派遣社員やパートとして働く場合は、一日に短時間だけの勤務をする人もいます。

また毎日同じ勤務時間で働くことも多く、土日祝日が休みの週休二日制で、規則正しい生活を送ることができるでしょう。

一方で土日も営業している病院やショールームでの勤務の場合は、シフト制で勤務することもあり、休日が平日になったり、休日の曜日が週ごとに異なったりします。

受付の求人・就職状況・需要

大企業を中心に受付を必要とする組織は多い

受付を置く企業はたいていが大企業といわれるような、一定以上の規模の組織がほとんどで、しっかりと受付業務を全うしてくれる人を求める企業はたくさんあります。
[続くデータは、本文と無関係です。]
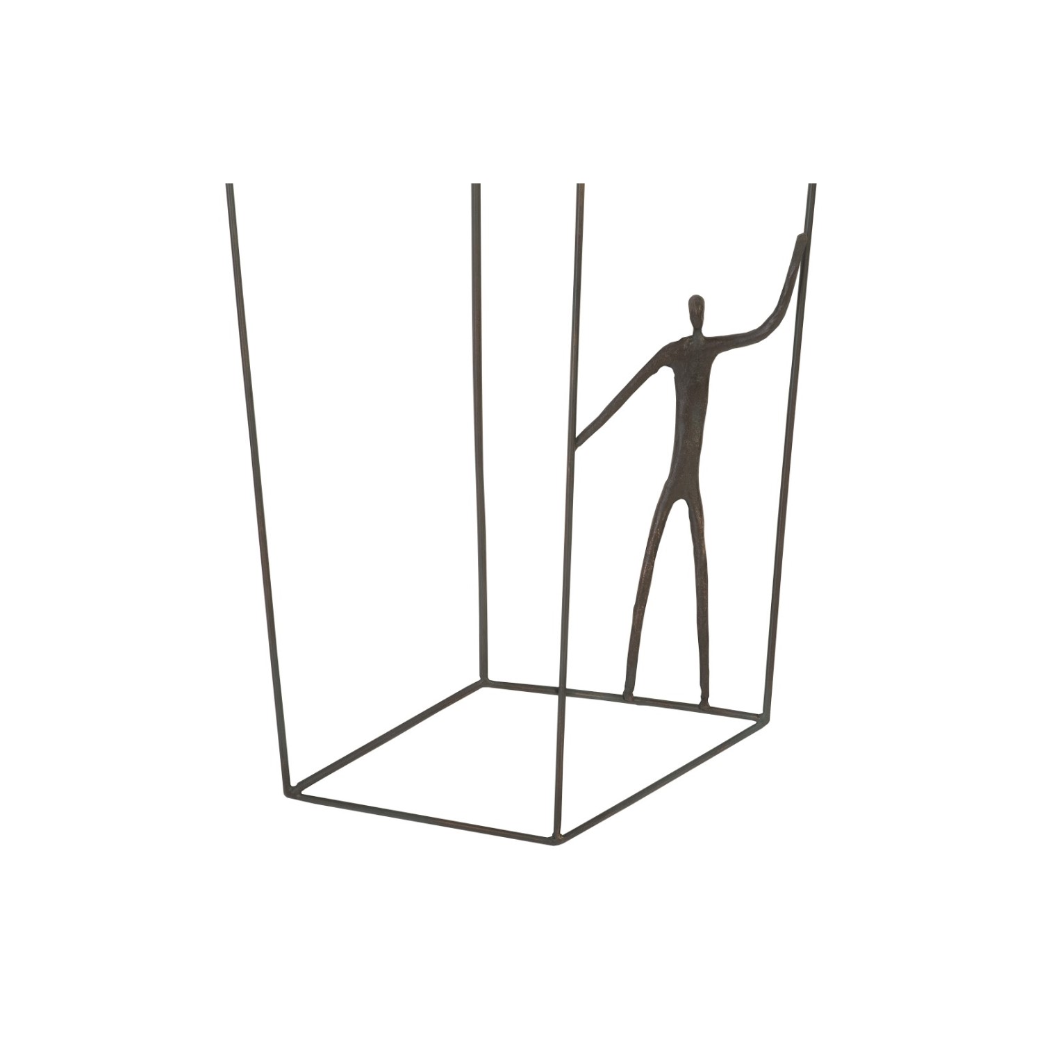 [0] => The Standing Perspective Wall Art features a figure of a person balancing in an asymmetrical rectangular wire cage, with morphed angles and a manipulated perspective that plays with the eye. Whether displayed by itself or alongside the other items in the Perspective collection, this decorative wall structure will bring a chic, three-dimensional element to any home.

また一般企業以外にも、各種施設やイベント会場などでも受付の募集をしているので、いろんなところに受付の需要はあるといえるでしょう。

採用試験で専門的な知識や難しいことを問われることはめったにないので、たくさんの人に門戸が開かれた職業といえます。

受付の転職状況・未経験採用

中途採用も多く、未経験でもチャンスあり

受付は、他の仕事や業界から転職してくる人もたくさんいます。

また、基本的に女性が多く活躍する職種であることから、結婚や出産などで離職する人も多く、中途採用によって受付の人員を補充している企業は多いです。

未経験者を採用する企業もあり、その場合入社時点でのスキルなどはほとんど問われないようです。

入社後にビジネスマナーなどの研修を受け、現場に出るための基礎を身につけることができます。

受付の現状と将来性・今後の見通し

本物のおもてなしは人間にしかできない

現在IT化が進みあらゆる場面で効率化が求められており、一部の企業では、受付でもタッチパネルやロボットなどのITデバイスが使われるようになっています。

それでも受付という職業が必要とされているのは、本物のおもてなしは人間にしかできないと考えられているからです。

また企業の顔として若さやフレッシュさが求められるケースも多く、定年までずっと続けることは難しいですが、受付で培った高いホスピタリティ精神やビジネスマナーなどは、秘書や他の職種でも活かせるでしょう。